• _Task material_:
⟨
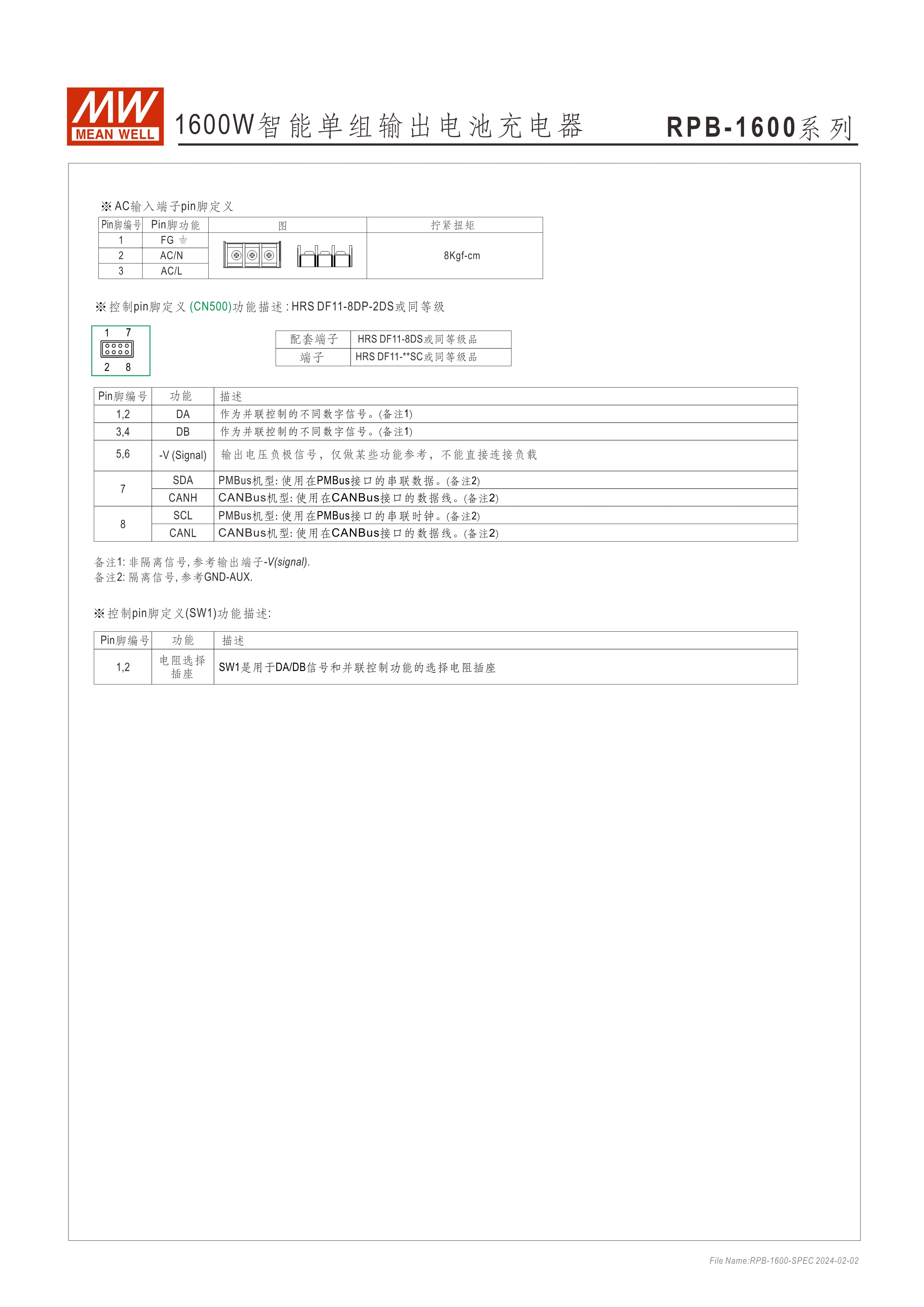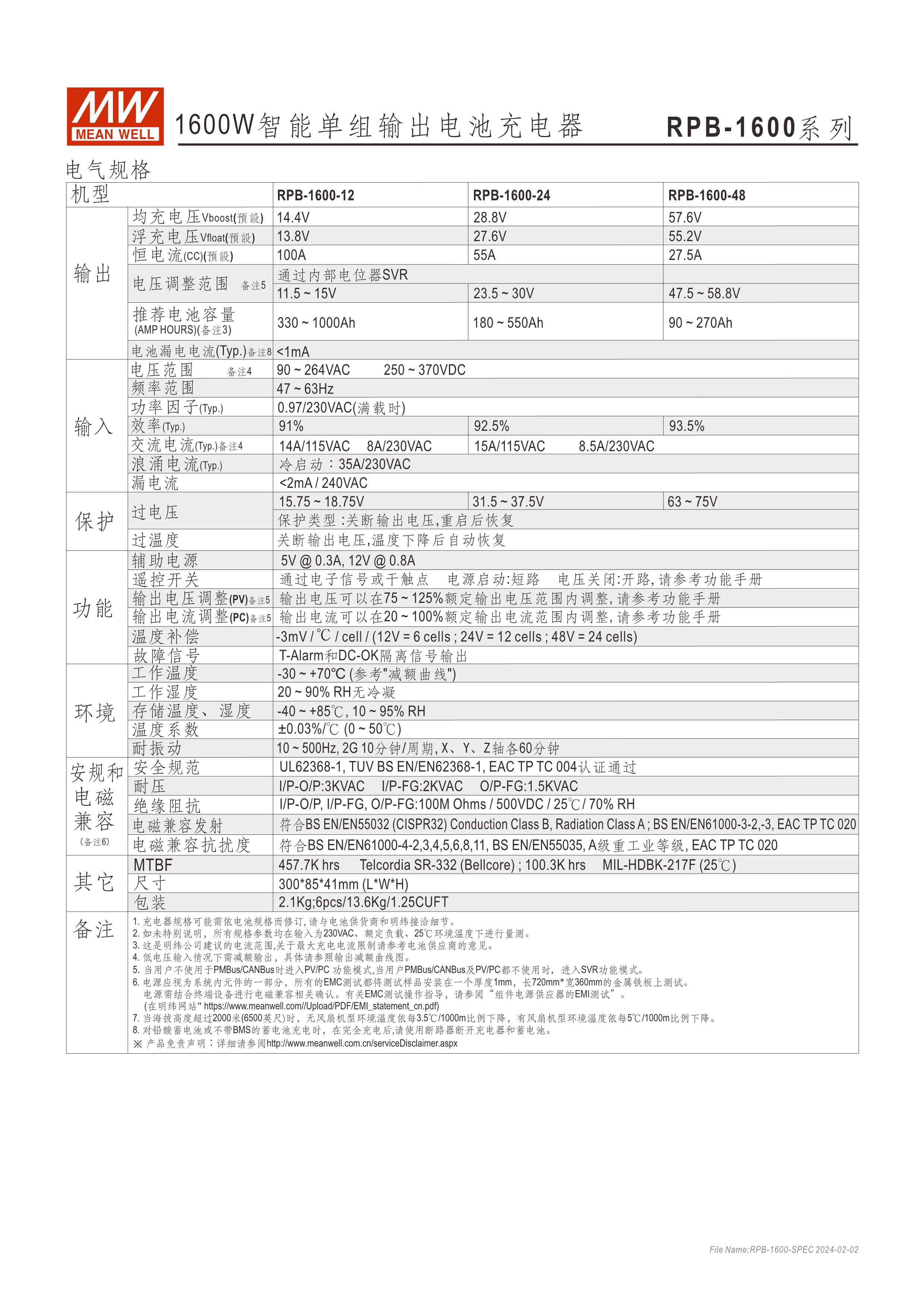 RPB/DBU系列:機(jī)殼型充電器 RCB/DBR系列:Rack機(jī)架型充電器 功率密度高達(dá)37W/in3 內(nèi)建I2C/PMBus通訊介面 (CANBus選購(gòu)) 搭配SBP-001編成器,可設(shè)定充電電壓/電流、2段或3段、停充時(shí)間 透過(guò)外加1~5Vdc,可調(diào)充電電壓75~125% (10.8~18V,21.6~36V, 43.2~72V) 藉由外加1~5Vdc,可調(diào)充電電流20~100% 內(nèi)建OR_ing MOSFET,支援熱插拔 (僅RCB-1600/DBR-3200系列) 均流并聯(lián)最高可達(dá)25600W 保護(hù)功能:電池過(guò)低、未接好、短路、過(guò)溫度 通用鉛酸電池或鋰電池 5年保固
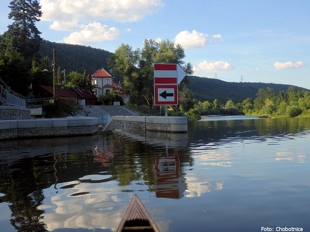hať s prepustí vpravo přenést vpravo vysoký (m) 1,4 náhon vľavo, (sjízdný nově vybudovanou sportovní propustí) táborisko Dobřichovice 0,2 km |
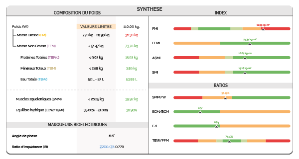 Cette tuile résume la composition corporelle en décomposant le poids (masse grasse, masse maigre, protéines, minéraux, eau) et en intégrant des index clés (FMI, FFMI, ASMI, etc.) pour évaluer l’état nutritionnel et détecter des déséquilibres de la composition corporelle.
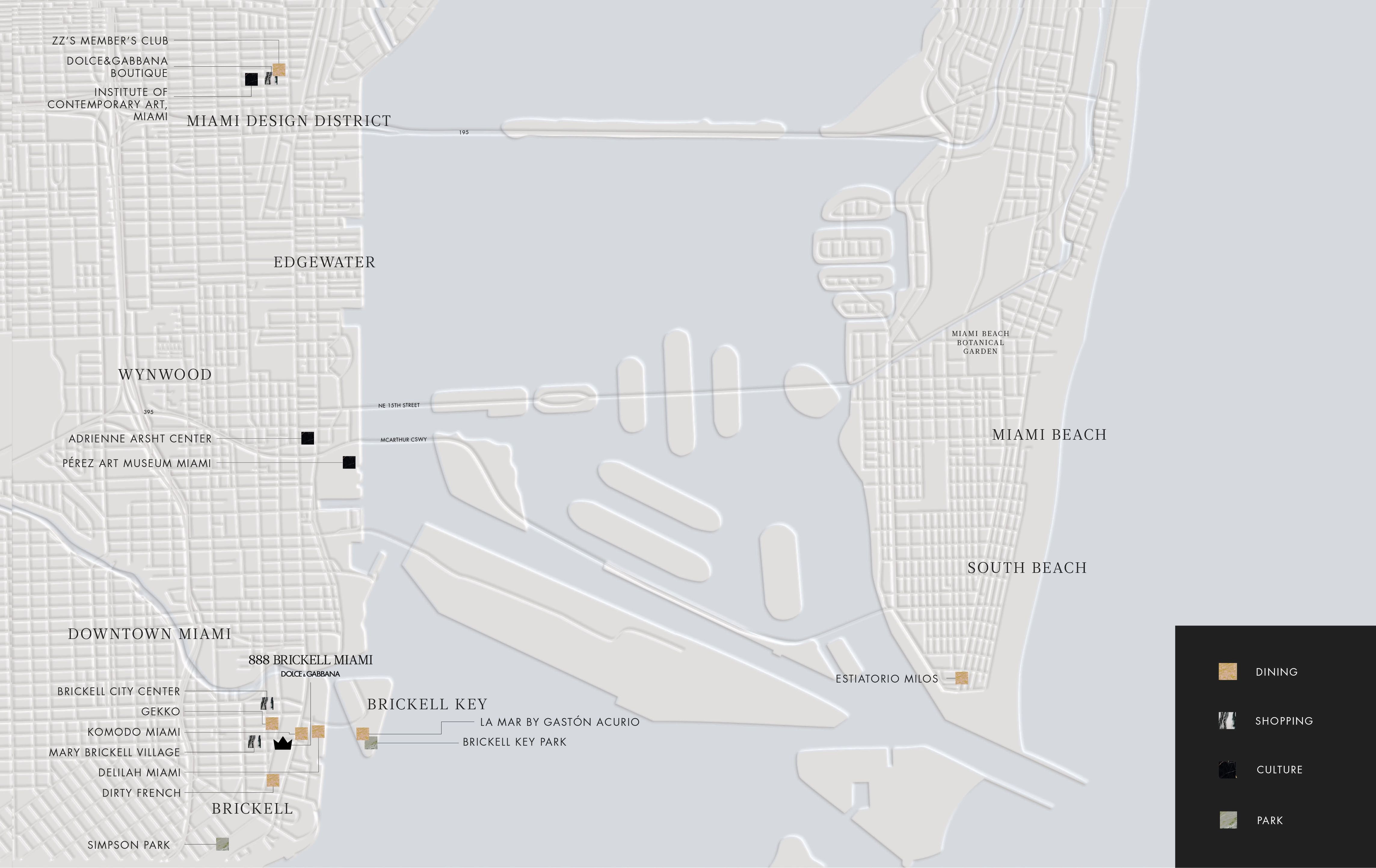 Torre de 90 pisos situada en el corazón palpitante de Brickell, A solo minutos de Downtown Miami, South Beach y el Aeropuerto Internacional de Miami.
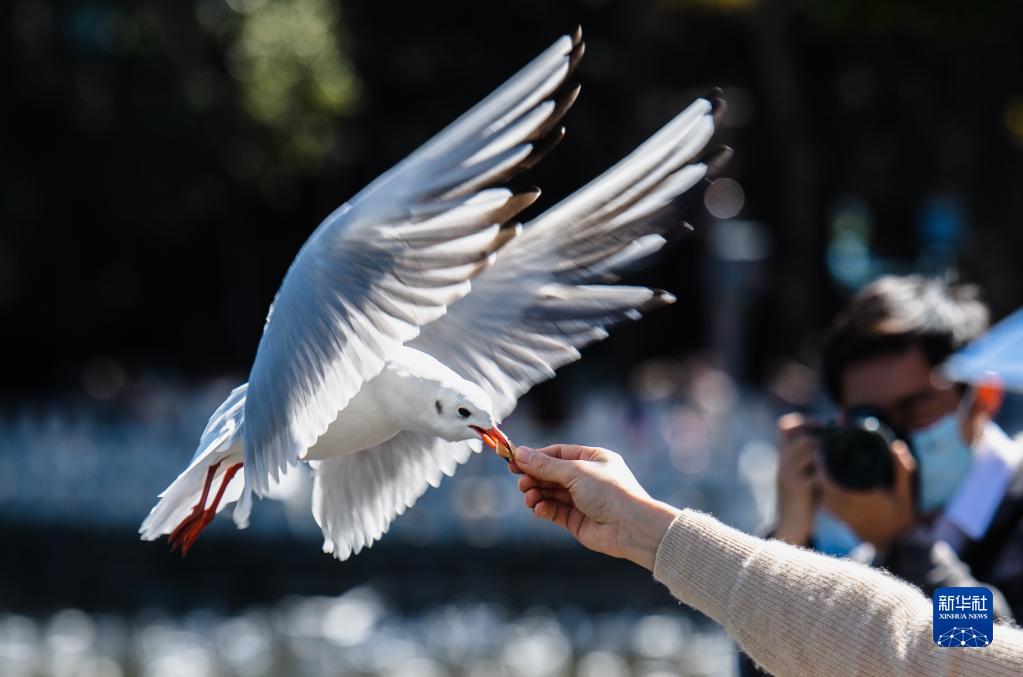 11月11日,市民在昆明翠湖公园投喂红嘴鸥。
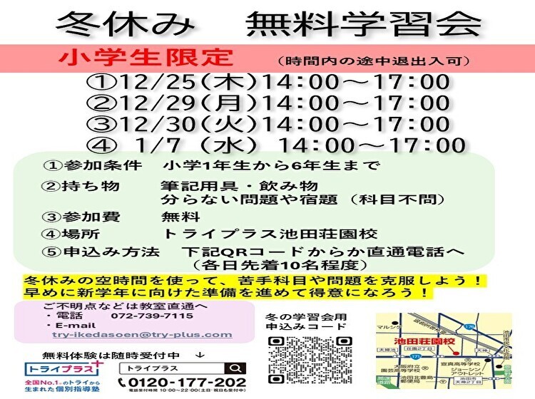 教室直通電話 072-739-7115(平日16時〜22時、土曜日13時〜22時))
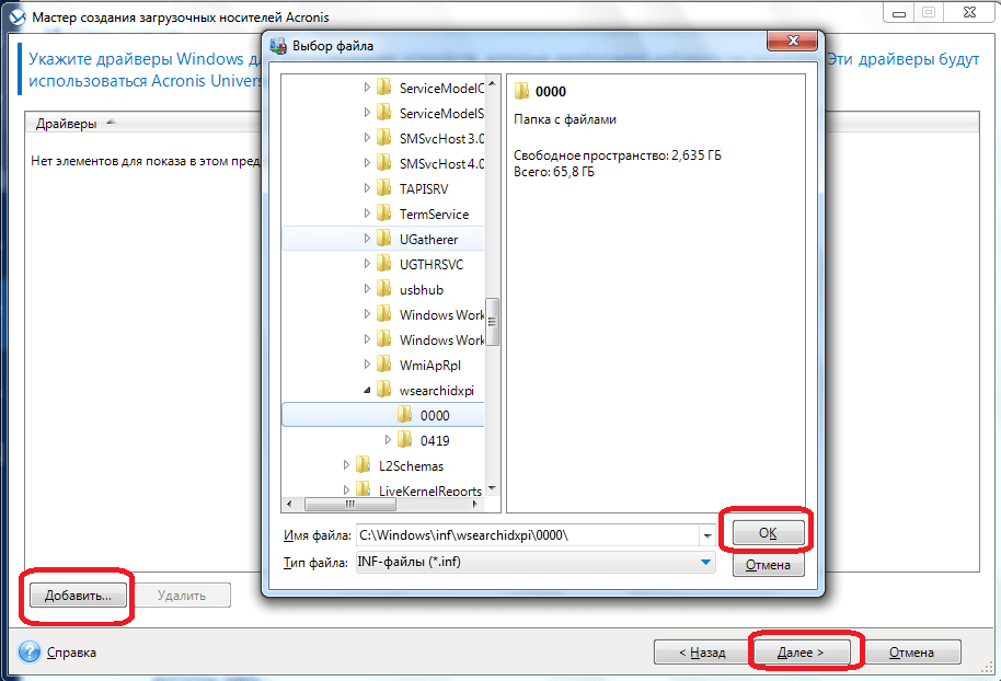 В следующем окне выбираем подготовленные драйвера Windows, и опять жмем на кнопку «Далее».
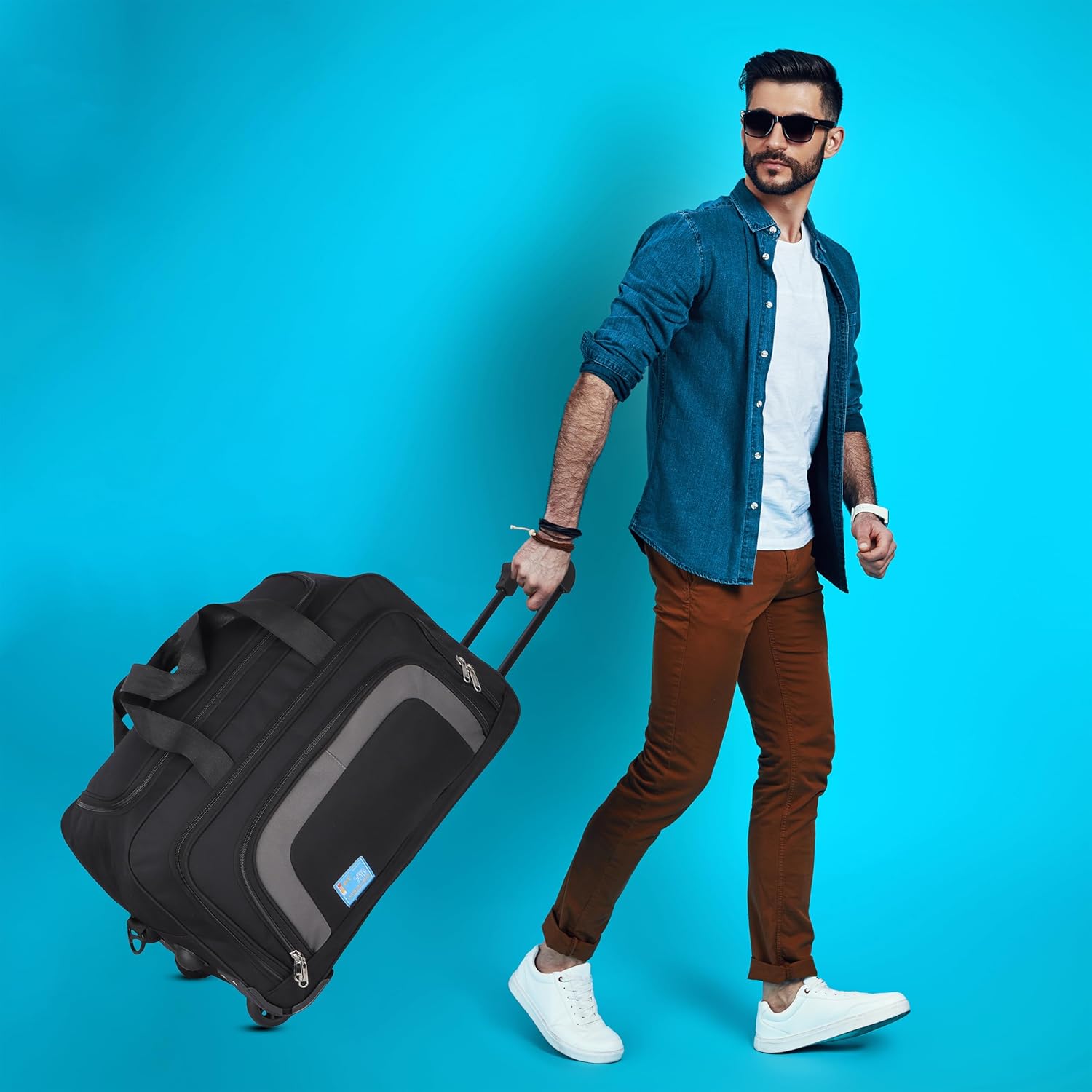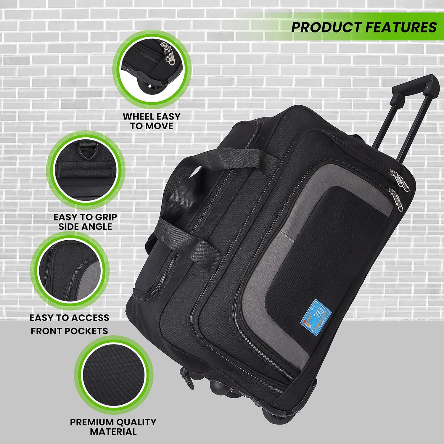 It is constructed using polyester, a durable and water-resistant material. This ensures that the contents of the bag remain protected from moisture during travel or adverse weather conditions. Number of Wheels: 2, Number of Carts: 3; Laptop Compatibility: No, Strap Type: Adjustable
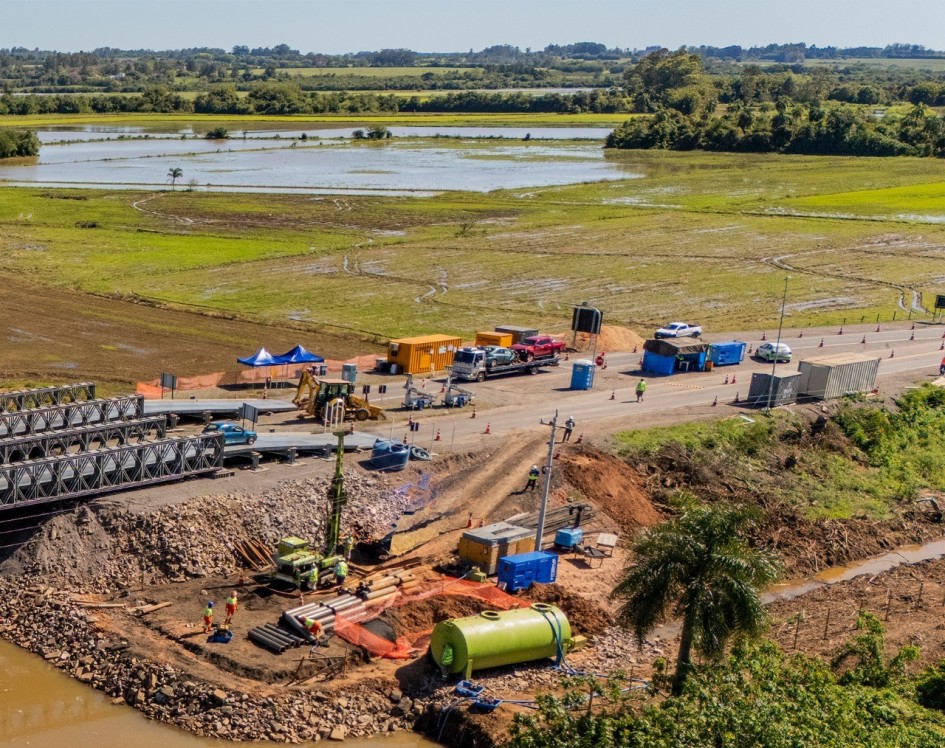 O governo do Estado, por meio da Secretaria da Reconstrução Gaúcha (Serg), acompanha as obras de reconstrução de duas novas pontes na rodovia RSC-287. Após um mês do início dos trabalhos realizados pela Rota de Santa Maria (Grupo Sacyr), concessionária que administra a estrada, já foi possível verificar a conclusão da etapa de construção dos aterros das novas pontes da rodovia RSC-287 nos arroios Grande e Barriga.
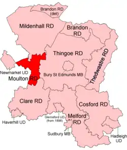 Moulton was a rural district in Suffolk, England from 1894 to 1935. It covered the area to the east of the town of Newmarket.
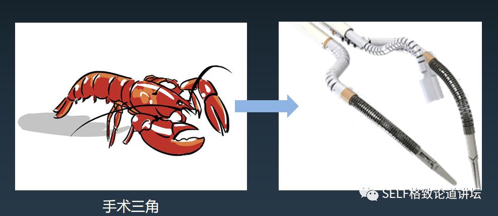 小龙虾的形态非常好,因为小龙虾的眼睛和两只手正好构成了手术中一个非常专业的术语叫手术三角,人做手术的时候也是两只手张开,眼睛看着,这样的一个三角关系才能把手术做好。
⟩
• _The problem_:
Exact repetition is the task: every line from the start of the data to the line with "It is constructed", inclusive, and none after it, pictures omitted.

• _Solution for this exercise_:
 RPB/DBU系列:機(jī)殼型充電器 RCB/DBR系列:Rack機(jī)架型充電器 功率密度高達(dá)37W/in3 內(nèi)建I2C/PMBus通訊介面 (CANBus選購(gòu)) 搭配SBP-001編成器,可設(shè)定充電電壓/電流、2段或3段、停充時(shí)間 透過(guò)外加1~5Vdc,可調(diào)充電電壓75~125% (10.8~18V,21.6~36V, 43.2~72V) 藉由外加1~5Vdc,可調(diào)充電電流20~100% 內(nèi)建OR_ing MOSFET,支援熱插拔 (僅RCB-1600/DBR-3200系列) 均流并聯(lián)最高可達(dá)25600W 保護(hù)功能:電池過(guò)低、未接好、短路、過(guò)溫度 通用鉛酸電池或鋰電池 5年保固
hať s prepustí vpravo přenést vpravo vysoký (m) 1,4 náhon vľavo, (sjízdný nově vybudovanou sportovní propustí) táborisko Dobřichovice 0,2 km |
 Cette tuile résume la composition corporelle en décomposant le poids (masse grasse, masse maigre, protéines, minéraux, eau) et en intégrant des index clés (FMI, FFMI, ASMI, etc.) pour évaluer l’état nutritionnel et détecter des déséquilibres de la composition corporelle.
 Torre de 90 pisos situada en el corazón palpitante de Brickell, A solo minutos de Downtown Miami, South Beach y el Aeropuerto Internacional de Miami.
 11月11日,市民在昆明翠湖公园投喂红嘴鸥。
 教室直通電話 072-739-7115(平日16時〜22時、土曜日13時〜22時))
 В следующем окне выбираем подготовленные драйвера Windows, и опять жмем на кнопку «Далее».
 It is constructed using polyester, a durable and water-resistant material. This ensures that the contents of the bag remain protected from moisture during travel or adverse weather conditions. Number of Wheels: 2, Number of Carts: 3; Laptop Compatibility: No, Strap Type: Adjustable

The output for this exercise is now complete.